Didnt really know where to put this, got a nice game winning shot from Roddy .. and check out Giddens


----------



## PimpHen (Feb 8, 2006)

kbdullah said:


> he's really our best source of dribble penetration. more than anything, he has to be able to drive and either finish or kick out to the open man. to me, it's not as much about any statistic as it is about giving the mavericks the dimension they don't have.


Based on your description, I believe Jeremy Lin would be the better fit.

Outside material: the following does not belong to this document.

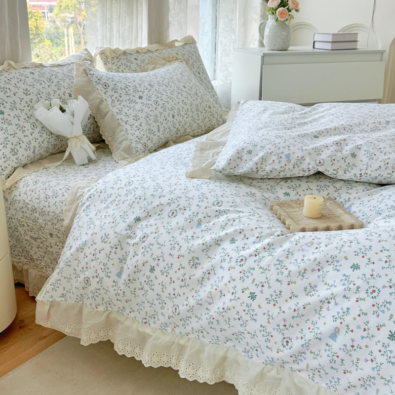 添越 2024小清新韩版蕾丝款花边纯棉夹棉床盖三件套全棉爱心熊-蕾丝款,爱心熊-蕾丝款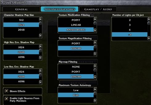 Anisotropic filtering was enabled in the "Advanced Graphics" tab, while Anti-aliasing modes were set by using Nvidia's 3D control panel.

http://sports.espn.go.com/dallas/nba/columns/story?columnist=caplan_jeff&id=5387547


----------



## kbdullah (Jul 8, 2010)

yeah, everyone is talking about this Lin guy now. i suppose Lin is more likely to make the smart basketball play once he gets into the hole, whereas roddy would probably just take it himself regardless. Lin probably won't be on the active roster this year, so the mavericks are still gonna need roddy to improve his decision-making.


----------



## PimpHen (Feb 8, 2006)

kbdullah said:


> yeah, everyone is talking about this Lin guy now. i suppose Lin is more likely to make the smart basketball play once he gets into the hole, whereas roddy would probably just take it himself regardless. Lin probably won't be on the active roster this year, so the mavericks are still gonna need roddy to improve his decision-making.


Looks like that ship's sailed...

http://sports.espn.go.com/nba/news/story?id=5396732


----------



## kbdullah (Jul 8, 2010)

yeah but i mean our guard rotation is pretty stocked w/ kidd, roddy, terry, barea, nique so i'm just glad he didn't go to the lakers cuz i hate those guys.


----------



## kbdullah (Jul 8, 2010)

Bump. Given Lin's recent surge.


----------